All Roads Lead to Rome: Incentivizing Divergent Thinking in Vision-Language Models

CVPR 2026

Xinyu Tian^†, Shu Zou^†‡, Zhaoyuan Yang^*, Mengqi He^†, Peter Tu^*, Jing Zhang^†

^†Australian National University ^‡Shanghai AI Lab ^*GE Research

Abstract

Recent studies have demonstrated that Reinforcement Learning (RL), notably Group Relative Policy Optimization (GRPO), can intrinsically elicit and enhance the reasoning capabilities of Vision-Language Models (VLMs). However, despite the promise, the underlying mechanisms that drive the effectiveness of RL models as well as their limitations remain underexplored. In this paper, we highlight a fundamental behavioral distinction between RL and base models, where the former engages in deeper yet narrow reasoning, while base models, despite less refined along individual path, exhibit broader and more diverse thinking patterns. Through further analysis of training dynamics, we show that GRPO is prone to diversity collapse, causing models to prematurely converge to a limited subset of reasoning strategies while discarding the majority of potential alternatives, leading to local optima and poor scalability. To address this, we propose Multi-Group Policy Optimization (MUPO), a simple yet effective approach designed to incentivize divergent thinking across multiple solutions, and demonstrate its effectiveness on established benchmarks.

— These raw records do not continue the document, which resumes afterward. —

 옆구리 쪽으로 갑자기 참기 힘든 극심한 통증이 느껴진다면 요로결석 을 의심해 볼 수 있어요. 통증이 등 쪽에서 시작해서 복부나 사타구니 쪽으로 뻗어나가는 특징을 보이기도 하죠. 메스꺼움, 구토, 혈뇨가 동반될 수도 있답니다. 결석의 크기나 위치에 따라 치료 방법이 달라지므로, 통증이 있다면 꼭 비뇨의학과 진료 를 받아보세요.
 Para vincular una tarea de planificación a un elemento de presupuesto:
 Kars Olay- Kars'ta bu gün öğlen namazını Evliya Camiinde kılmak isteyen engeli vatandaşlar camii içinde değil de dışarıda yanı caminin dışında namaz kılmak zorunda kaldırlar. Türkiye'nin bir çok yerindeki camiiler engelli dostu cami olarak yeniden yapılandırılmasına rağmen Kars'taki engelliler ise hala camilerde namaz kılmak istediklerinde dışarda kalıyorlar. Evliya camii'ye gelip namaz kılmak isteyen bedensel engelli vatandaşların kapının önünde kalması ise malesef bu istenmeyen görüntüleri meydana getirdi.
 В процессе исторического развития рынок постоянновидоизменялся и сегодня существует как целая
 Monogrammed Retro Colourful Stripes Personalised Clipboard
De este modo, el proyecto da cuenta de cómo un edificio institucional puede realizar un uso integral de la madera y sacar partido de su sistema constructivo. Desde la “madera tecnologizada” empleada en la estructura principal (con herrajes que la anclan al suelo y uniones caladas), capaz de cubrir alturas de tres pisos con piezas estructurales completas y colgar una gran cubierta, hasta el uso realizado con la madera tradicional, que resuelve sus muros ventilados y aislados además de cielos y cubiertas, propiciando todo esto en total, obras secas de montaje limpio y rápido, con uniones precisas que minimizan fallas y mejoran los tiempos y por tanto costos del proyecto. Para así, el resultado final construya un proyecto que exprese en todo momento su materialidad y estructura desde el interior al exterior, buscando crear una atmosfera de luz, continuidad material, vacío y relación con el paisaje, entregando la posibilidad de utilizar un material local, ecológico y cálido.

Do RL Models Truly Outperform Their Base Counterparts?

A common belief is that RL-trained models are strictly superior to their base counterparts. But is this always true? To investigate this, we go beyond the standard single-attempt evaluation and introduce acc@k: a model is considered successful if at least one of k sampled responses leads to the correct answer. This relaxed metric reveals a surprising contrast:

RL models dive depth, base models seek breadth: When limited to a single attempt (k=1), RL models markedly outperform their base counterparts, reflecting sophisticated reasoning along individual trajectories. However, as k increases, base models succeed in solving substantially more problems, while the gains of RL models remain marginal.
Base models leverage diverse strategies where RL fails: In cases where RL models cannot find the answer despite multiple attempts, base models often succeed by approaching the problem from alternative angles such as using estimation or elimination instead of brute-force enumeration. These strategies are systematically absent from RL model outputs.
Diversity correlates strongly with success: Across all benchmarks, there is a strong positive correlation between reasoning diversity and acc@4. Tackling problems through varied strategies, rather than repeating a single mode, dramatically increases the odds of reaching the correct answer.

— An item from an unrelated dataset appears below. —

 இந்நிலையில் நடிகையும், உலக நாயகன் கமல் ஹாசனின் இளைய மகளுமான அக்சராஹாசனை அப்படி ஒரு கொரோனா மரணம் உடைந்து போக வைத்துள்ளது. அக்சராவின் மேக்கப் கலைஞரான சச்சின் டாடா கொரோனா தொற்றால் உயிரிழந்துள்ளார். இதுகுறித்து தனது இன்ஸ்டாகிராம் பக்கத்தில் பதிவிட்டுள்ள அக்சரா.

Root Cause: Diversity Collapse in GRPO Training

To understand why RL models lose their diversity, we track reasoning diversity throughout the GRPO training process. The results are striking: diversity collapses sharply within the first 20 training steps, before the model has even seen most of the training data. This premature convergence has two critical consequences:

Exploitation over exploration: The model latches onto a dominant reasoning strategy early and spends the vast majority of training refining it, never recovering the discarded alternatives. This renders the optimization susceptible to local optima.
Limited test-time scalability: Because the model's output distribution is concentrated in a narrow region of reasoning space, sampling more responses provides diminishing returns, and parallel scaling simply draws from the same collapsed mode.

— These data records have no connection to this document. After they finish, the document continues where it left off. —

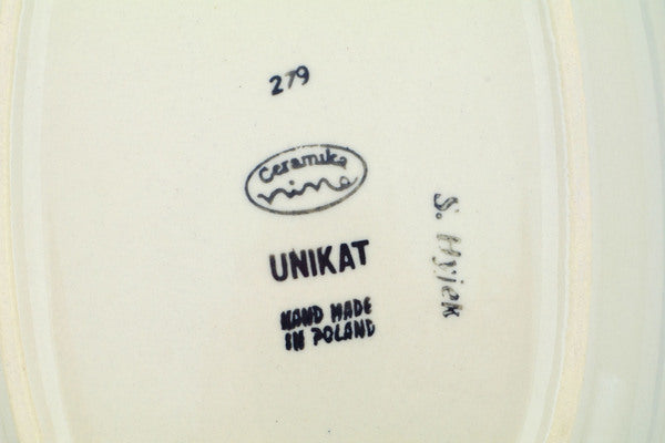 This Polish Pottery 11" Oval Platter - Beekeeper Gnome is handmade and handpainted by the Ceramika Nina factory in Boleslawiec, Poland.
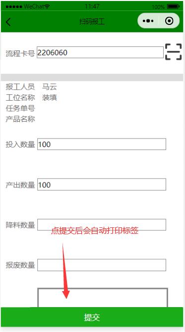 在使用流程卡掃碼報工后會自動打印標(biāo)簽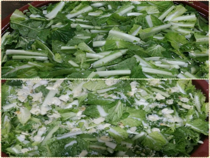 싱싱한 얼갈이, 열무를 정성스럽게 다듬어서 절단한후 여러번 깨끗하게 세척하고 고운 고춧가루, 마늘, 생강, 청양고추, 멸치액젖, 메밀풀, 그리고 수년간 간수를 뺀 천일염을 넣고 담근다.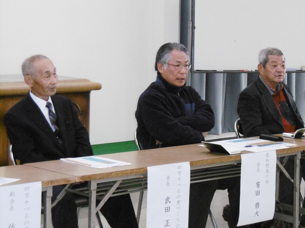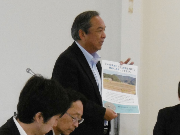 中:四万十つるの里づくりの会、高知野鳥の会、日本野鳥の会高知支部の三者で「ツルを見かけても近寄らないで」と訴えました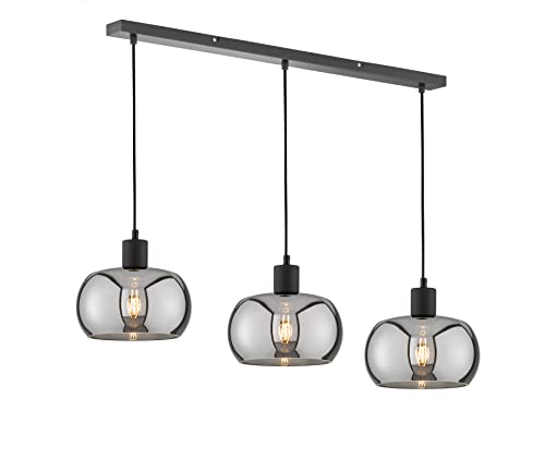 Fischer Honsel Suspension Verre Fumé Noir 110x22 cm 3amp E27...

Our Solution: Multi-Group Policy Optimization (MUPO)

We propose Multi-Group Policy Optimization (MUPO), a drop-in replacement for GRPO designed to preserve divergent thinking throughout RL training.

Embedding-based Group Partitioning: At each training step, the N sampled responses are embedded and partitioned into K groups, where each group captures a semantically distinct reasoning strategy.
Localized Advantage Estimation: Advantages are normalized within each group rather than globally. This prevents a high-reward dominant strategy from suppressing the relative advantage of correct responses in less common groups.
Diversity Reward with Cosine Annealing: A diversity reward encourages inter-group separation by rewarding responses whose reasoning embeddings are distant from those in other groups.

Experimental Results

MUPO establishes a new state of the art: MUPO-Thinker-7B achieves an average acc@1 improvement of +2.5% (49.1% → 51.6%) on mathematical benchmarks and +2.3% (63.3% → 65.6%) on general-purpose benchmarks over previous best results. MUPO-Thinker-3B similarly surpasses all baselines at its scale.
MUPO exhibits dramatically stronger test-time scaling: Under parallel sampling (acc@4), MUPO-Thinker-7B outperforms existing strong RL baselines by +6.0% on mathematical and +6.2% on general-purpose benchmarks. This gap widens further as k increases, confirming that divergent training directly unlocks parallel scaling capabilities that GRPO forfeits.
MUPO-Thinker-3B punches above its weight: Under multi-sample evaluation, the 3B model achieves performance comparable to several strong 7B baselines — demonstrating that reasoning diversity is a highly parameter-efficient axis for improvement.